START The data

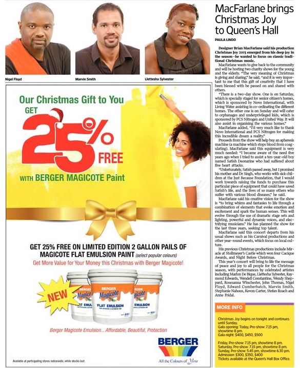 The concert will bring to life the message of peace and joy to all people for the Christmas season, with 25 performances by celebrated artistes including Marlon De Bique, Llettesha Sylvester, Raymond Edwards, Wendell Constantine, Wendy Sheppard, Rosezanna Winchester, John Thomas, Nigel Floyd, Edward Cumberbatch, Marvin Smith, Stephanie Nahous, Kevon Carter, Stefan Roach and Anne Fridal.
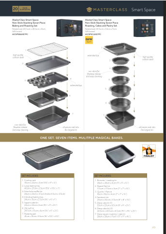 MasterClass Smart Space Non-Stick Stacking Seven Piece Roasting, Cakes and Pastry Set Nested size 30.5cm x 33cm x 11cm. Gift boxed.
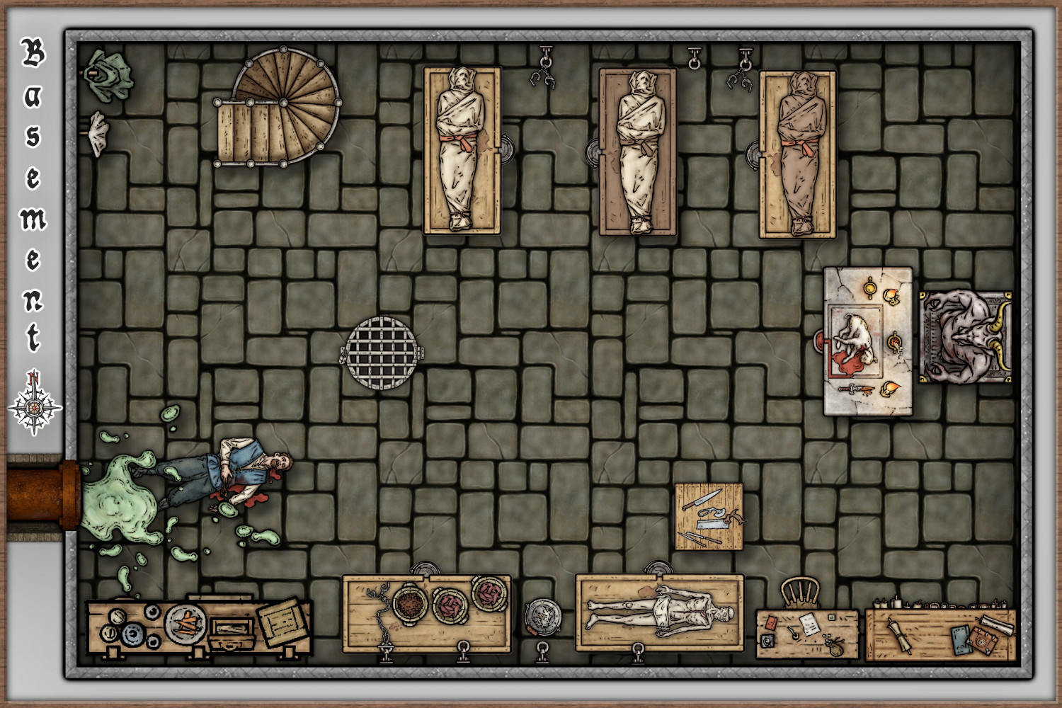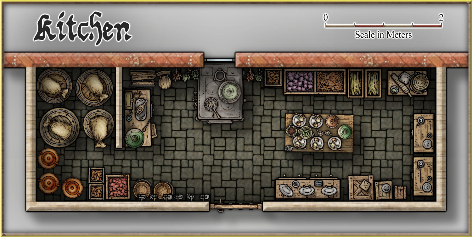 Hi @Ricko The Kitchen had a door in the north wall. And the entrance to the basement is the trapdoor just outside this door.

END The data

Write out, exactly and only, the lines from the one containing "MasterClass Smart Space" through the last line of the material above. Pictures do not go in the copy.

 MasterClass Smart Space Non-Stick Stacking Seven Piece Roasting, Cakes and Pastry Set Nested size 30.5cm x 33cm x 11cm. Gift boxed.
 Hi @Ricko The Kitchen had a door in the north wall. And the entrance to the basement is the trapdoor just outside this door.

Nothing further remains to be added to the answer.